Realizations and Decisions

"Ugh!" she exclaims. "I almost just had a panic attack!"

I look over at her in surprise. My eyebrows furrow in anger and I glare, fire burning in my eyes.

"Do you even know what a panic attack is?" I snap, my whole body on the verge of exploding with hatred and anger.

She looks at me in shock, "Yeah, I have anxiety."

I frown.

"So do I...and depression, and insomnia, and OCD, and a shit ton of other things too. I'm a major fuck up, but, you know, you kind of get used to it when all you do is fail."

The whole table has gone quiet and everyone is staring at me like I have four heads.
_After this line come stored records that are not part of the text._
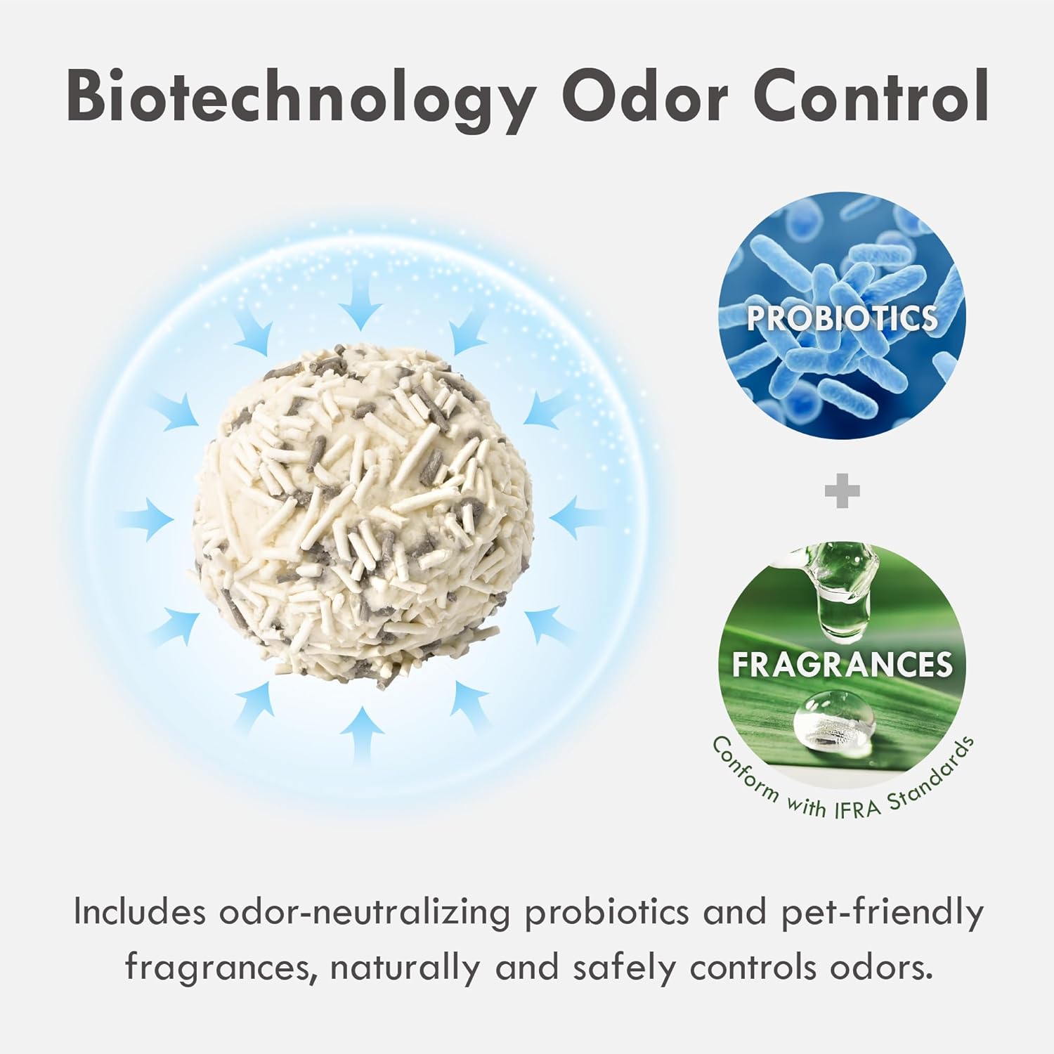 ADVANCED ODOR CONTROL AND WATER SOLUBILITY: Experience advanced odor control with our exclusive probiotic and activated carbon formula, ensuring a fresh and pleasant atmosphere for both you and your feline companion. Plus, our cat litter is crafted from food-grade ingredients, offering an environmentally friendly and biodegradable solution. It even dissolves quickly in water, making cleanup a breeze.
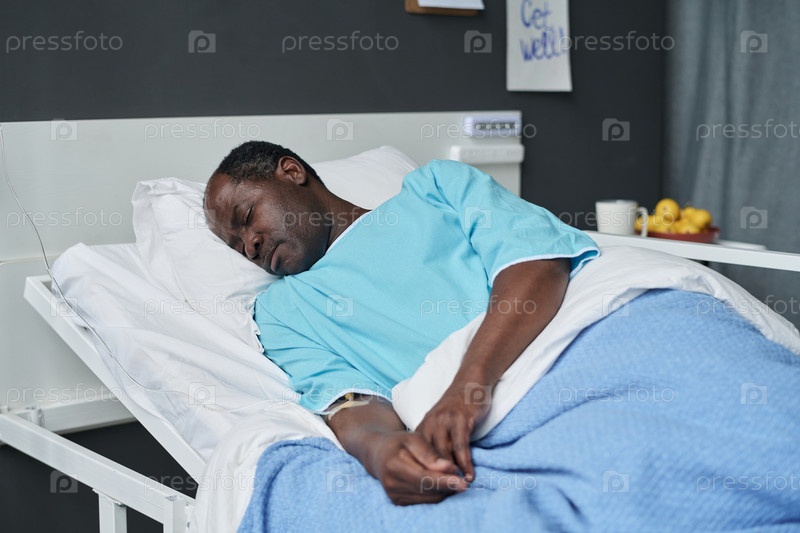 Мужчина, отдыхающий на кровати в больничном отделении
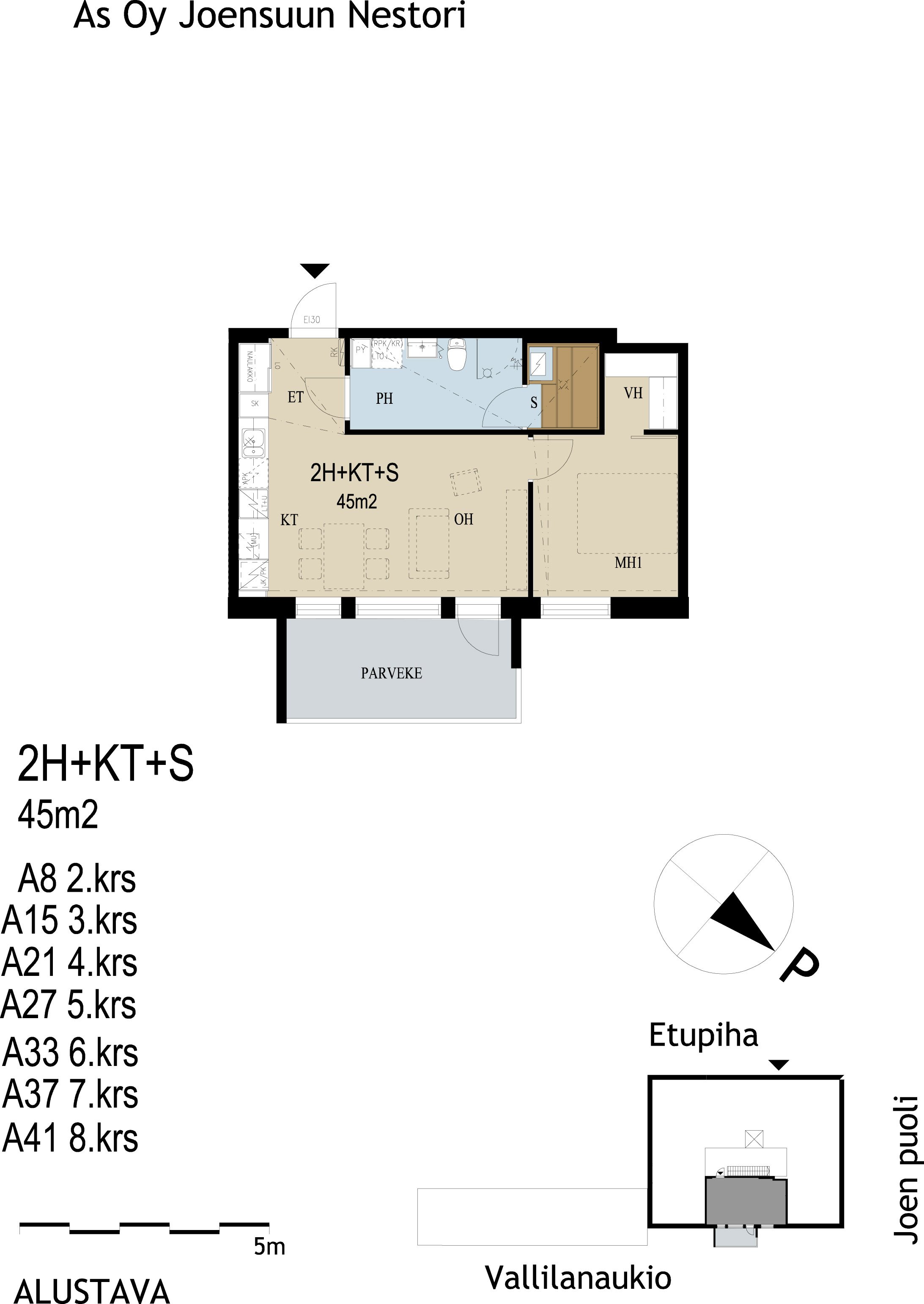 Penttilänrannan palveluiden läheisyyteen vuonna 2017 valmistuneen hissikerrostalon kolmannen kerroksen saunallinen kaksio. Huoneiston on erittäin siistikuntoinen ja neliöt on tehokkaasti käytössä. Lattiat parkettia ja seinäpinnat osin maalattu, osin tapetoitu. Vaatesäilytykseen eteisessä liukuovikomero ja makuuhuoneessa vaatehuone. Kylpyhuone kaakeloitu ja varustettu mm. lattialämmityksellä. Huoneiston lasitettu parveke ja kaikki ikkunat Vallilanaukiolle ja näkymä myös Pielisjoelle.
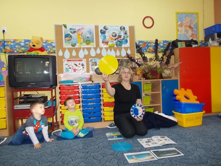 Krasnoludki poznają znaczenia wyrazów dzień, noc.
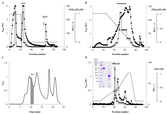 From the powdered sample of H. renshii, lectin was extracted with 20 mM phosphate buffer (pH 7.0) (PB) containing 0.85% NaCl (PBS) and effectively recovered as a precipitate with 70% saturation of ammonium sulfate. In hydrophobic chromatography with stepwise elution of ammonium sulfate in PB, lectin was mostly adsorbed onto a HiPrep Phenyl FF column equilibrated with 1 M ammonium sulfate and then eluted with PB (Figure 1A). By re-chromatography of the non-adsorbed fraction, lectin was again recovered as PB-eluate in the same way. Both PB-eluates were combined and subjected to hydrophobic chromatography on the same column with a gradient elution (1.0–0 M) of ammonium sulfate in PB, in which the lectin was adsorbed and then eluted as a broad peak with 0.55–0.15 M ammonium sulfate (Figure 1B). The active peak fraction gave five major peaks in successive gel-filtration on a Superdex-75 column (Figure 1C). A major active peak obtained by gel-filtration was further purified by ion-exchange chromatography on a TSKgel DEAE-5PW column, affording a sharp protein peak with activity (Figure 1D). The purified lectin gave a single protein band of about 40 kDa and 10 kDa in non-reducing and reducing sodium dodecyl sulfate-polyacrylamide gel electrophoresis (SDS-PAGE), respectively (Figure 1D), and used for further experiments. The yield of the lectin, named HRL40 after the algal species H. renschii and its molecular weight, was 1.3 mg from 2 kg of the frozen alga (Table 1).
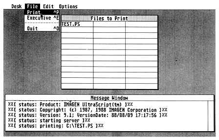 Once you've loaded all the files you want to print into the queue, you just select Print from the File menu and you're off and printing. And the printing is fast-no more going out for a cup of coffee while waiting for a document to print, as with the average PostScript printer.
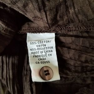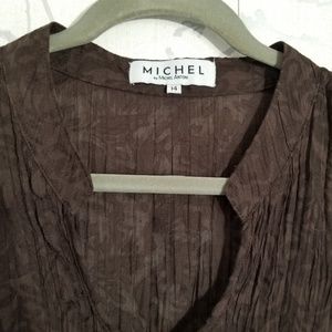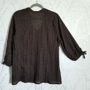 Michel Antoni Brown Sheer Burnout Crinkle Button Up Blouse 3/4 Sleeves
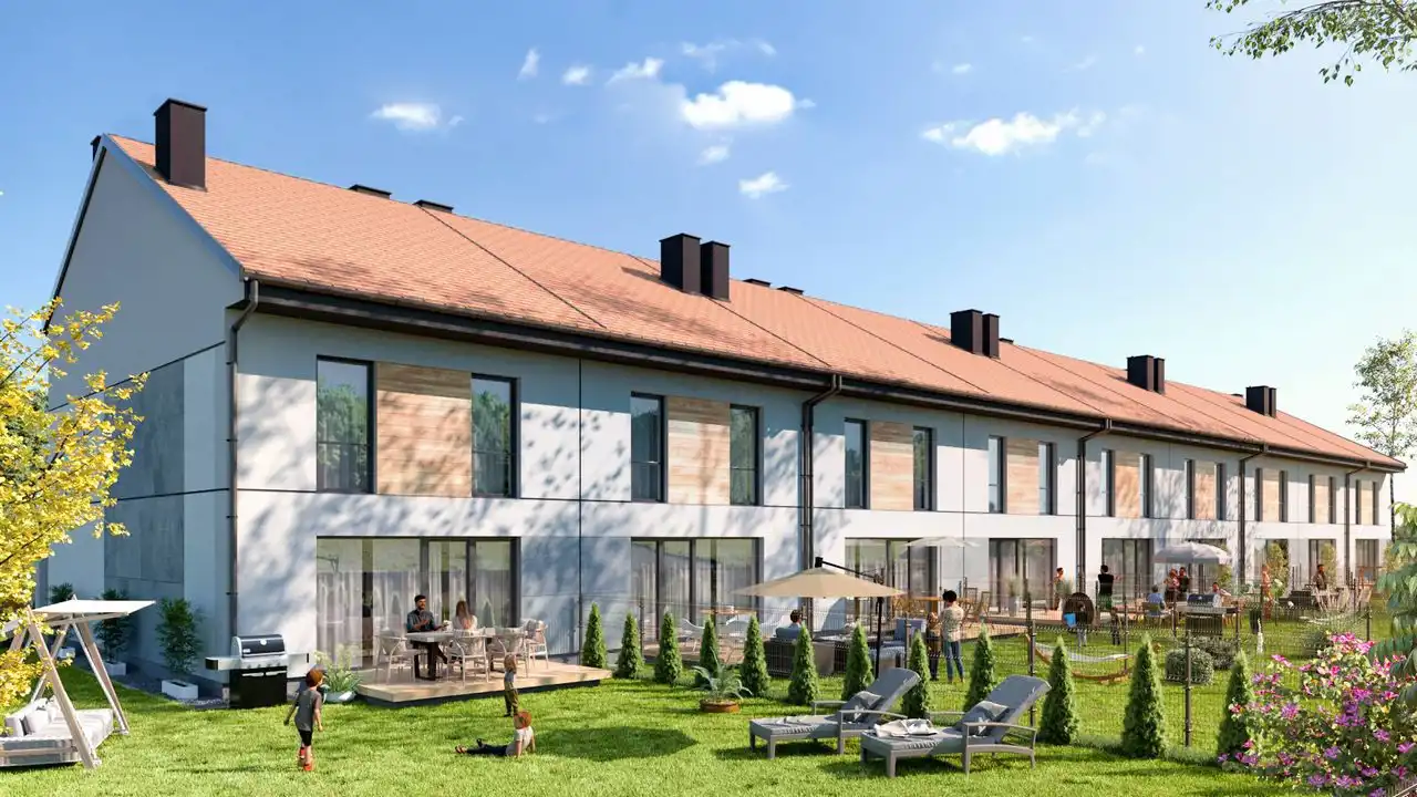 Każdy segment o powierzchni 113,72 lub 130,65 mkw posiada własny ogród, garaż i miejsce postojowe zewnętrzne.
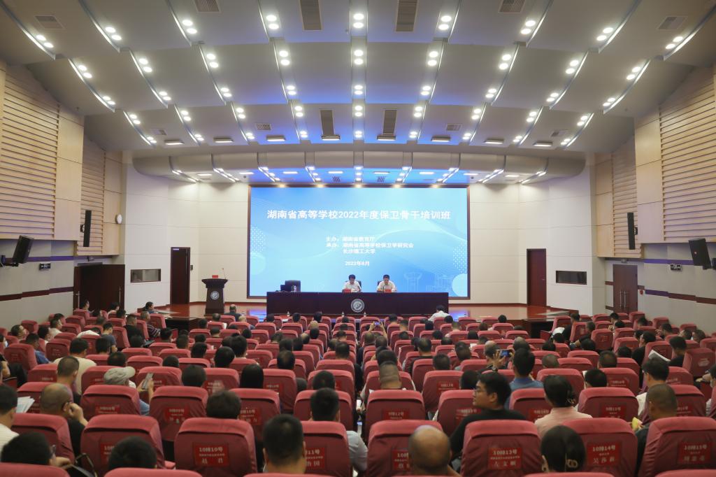 8月16日上午,开班仪式在长沙理工大学图书馆报告厅举行。长沙理工大学党委委员、副校长钱国平、中国高等教育学会保卫学专业委员会秘书长、湖南大学保卫部部长谭琳等领导和嘉宾出席。钱国平代表学校致欢迎辞,他表示,长沙理工大学高度重视安全稳定工作,落实安全常态化系列举措,全力推进平安校园建设。希望以此次培训班为契机,各高校互鉴共享宝贵经验。长沙理工大学保卫处治安科科长刘云作学员代表发言。省教育厅维稳办副主任张轶作培训动员,他指出,当前国际国内形势复杂严峻,保卫干部要“知其所来”,努力提升履职尽责的能力;要“晓其所在”,将个人发展融入高等教育高质量发展的新征程中;要“明其所往”,在培训中多学习思考、更新理念,回到工作岗位学以致用,提高工作实效。
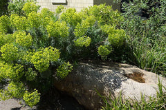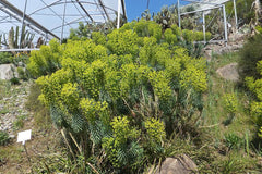 Euphorbia is a bold, technically evergreen perennial producing strong, upright or curving stems, densely-clothed with blue-green foliage. In their second spring the stems produce large, cylindrical clusters of yellow-green flowers with a dark red eye that last into summer. More likely semi-evergreen, I still think of it as a herbaceous perennial as you can (should?) cut back the old shoots/stems in spring.
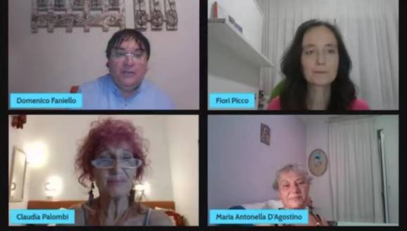 在活動(dòng)上,意大利作家、翻譯家、花達(dá)西亞出版社社長費(fèi)沃里·皮克女士 (Fiori Picco,中文名:雪蓮) ,意大利詩人、弗蘭徹斯克加百利國家文學(xué)獎(jiǎng)主席多梅尼科·法涅洛先生 (Domenico Faniello),意大利著名作家、導(dǎo)演克勞迪婭·帕隆比女士 (Claudia Palombi)和意大利著名詩人、畫家、馬泰拉文學(xué)藝術(shù)獎(jiǎng)主席瑪麗亞·安東內(nèi)拉·達(dá)格斯蒂諾女士 (Maria Antonella D’Agostino)四位嘉賓就魯敏作品展開了熱烈對話,并通過優(yōu)兔(Youtube)平臺播放,吸引了一大批熱愛文學(xué)的意大利讀者在線觀看。
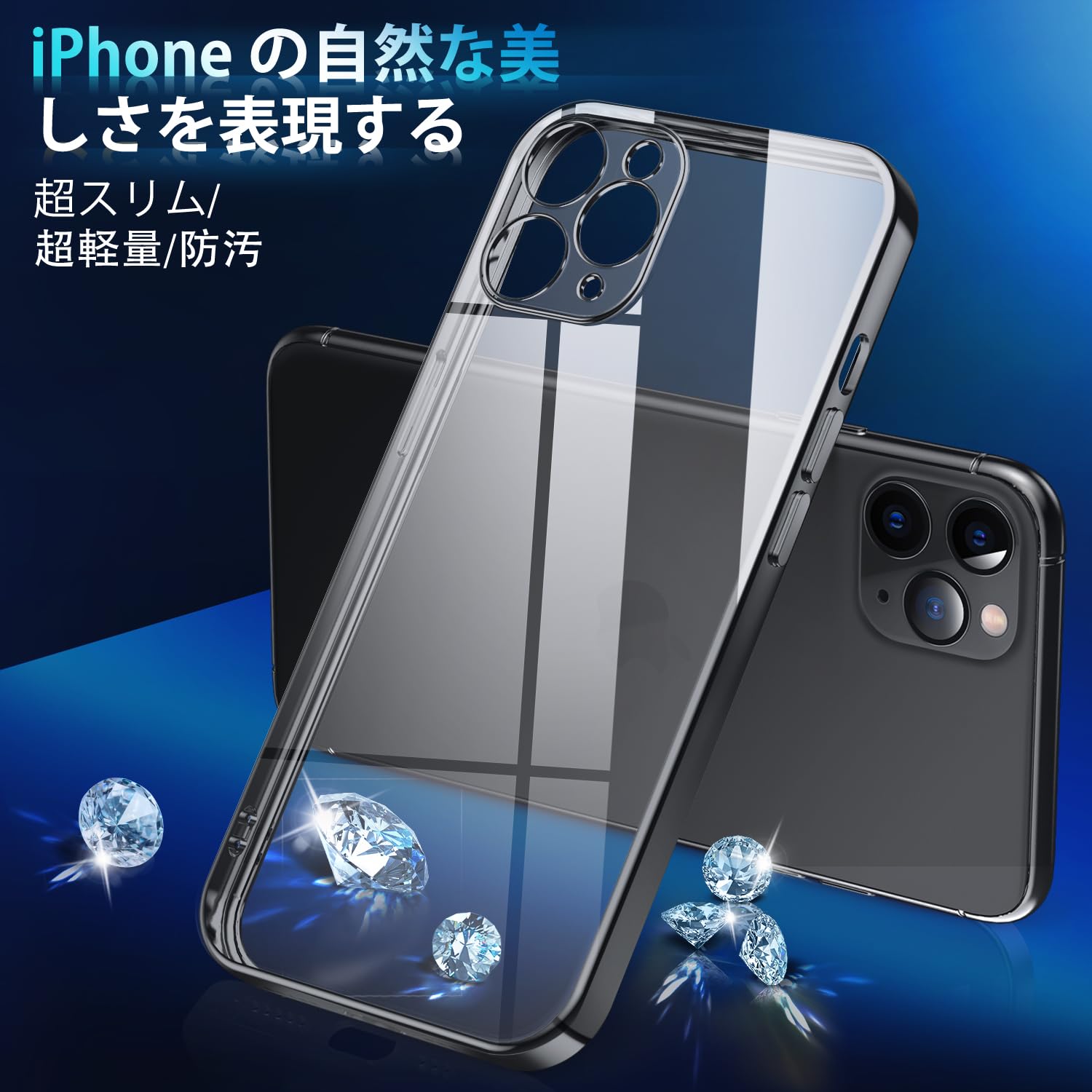 【新着】Supdeal クリスタル クリアな電話ケース対応iPhone 11 Pro,[カメラレンズ保護][シリコン高精細透明][黄変しない][極薄でソフトな素肌感覚][耐衝撃]アイフォン 11 プロスマホカバー衝突防止エアバッグ付き,5.8インチ(ブラック) | GIGATERA
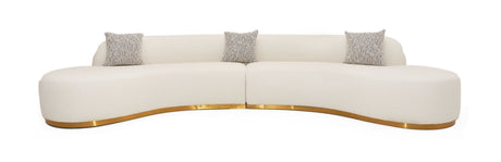 Sofá seccional curvo de tela blanca glamurosa con cojines beige | VIG
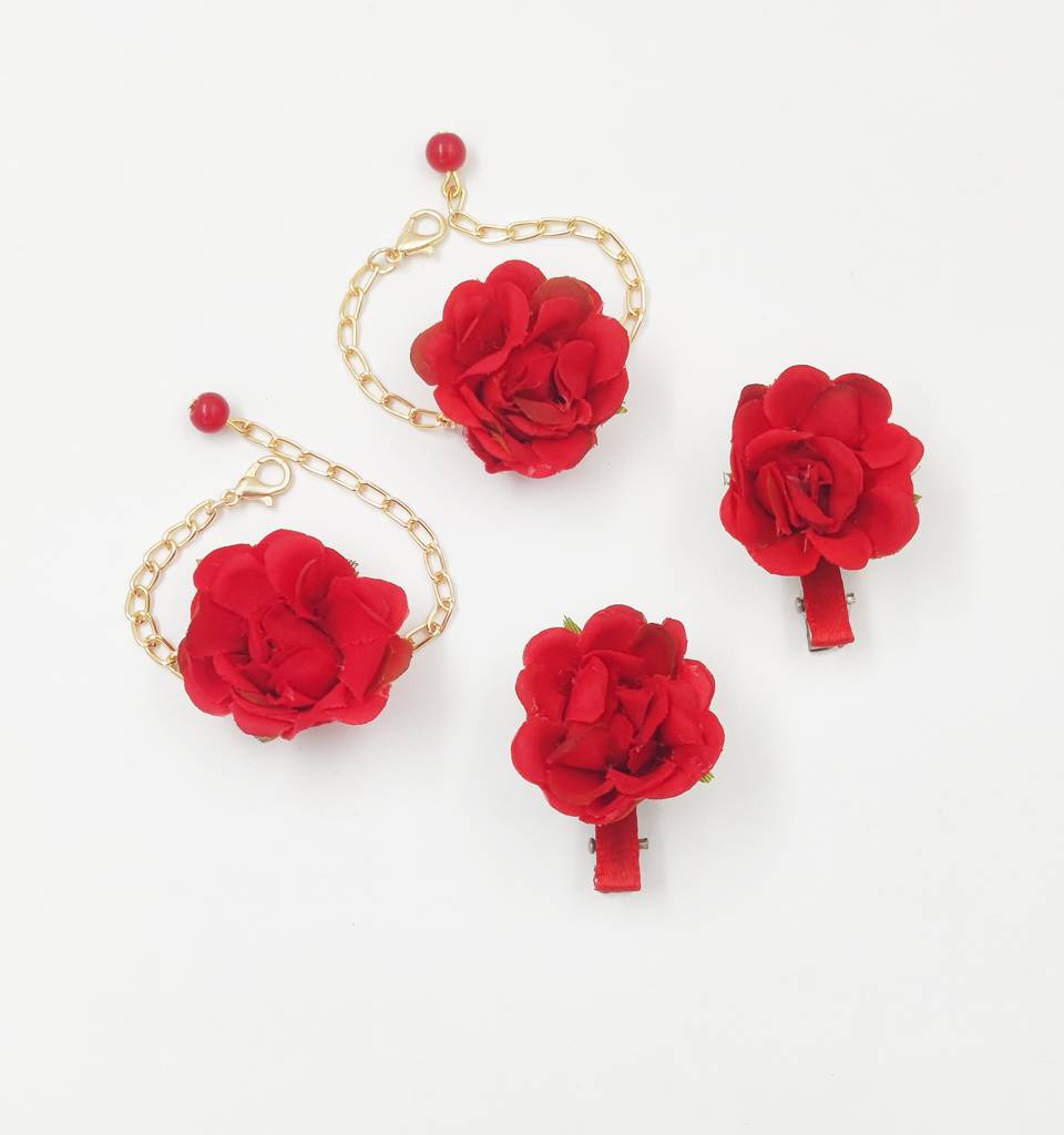 Kids Floral Baby Clips & 2 Bracelets Set- Red : CM017

I dip my head down and go back to shoving my food around my tray with a plastic fork.

"I didn't know all that about you, Cynthia...you should really speak up more..."

"I didn't know we had anything in common to talk about, until just now," I shrug my shoulders. "Not that I really want to talk about the voices in my head and dragging a knife across my skin."

The girls around me all laugh, like I've just told the world's funniest joke. Maybe they don't realize that I'm not kidding.

I ignore the chatter around me for the rest of lunch. When the bell rings, I toss my untouched food in the bin and make a decision. Probably not a good one, but a decision nonetheless. Instead of going to my next class, like the rest of the school was doing, I push open the front doors and step out into the chilly air.

I wrap my jacket around me tighter and trudge away from the prison, not wasting my time or energy to look back. At this point, who cares what happens? Who cares who sees me or who decides to report me? I certainly don't.

I walk all the way home. When I reach the front door, I don't open it, but instead slouch down and sit there in the frigid air, contemplating what I am doing with my life. I decide nothing worthwhile.

And that's when I make another decision. I'm going to stop this life, if it's not even worth it. I'm going to kill myself.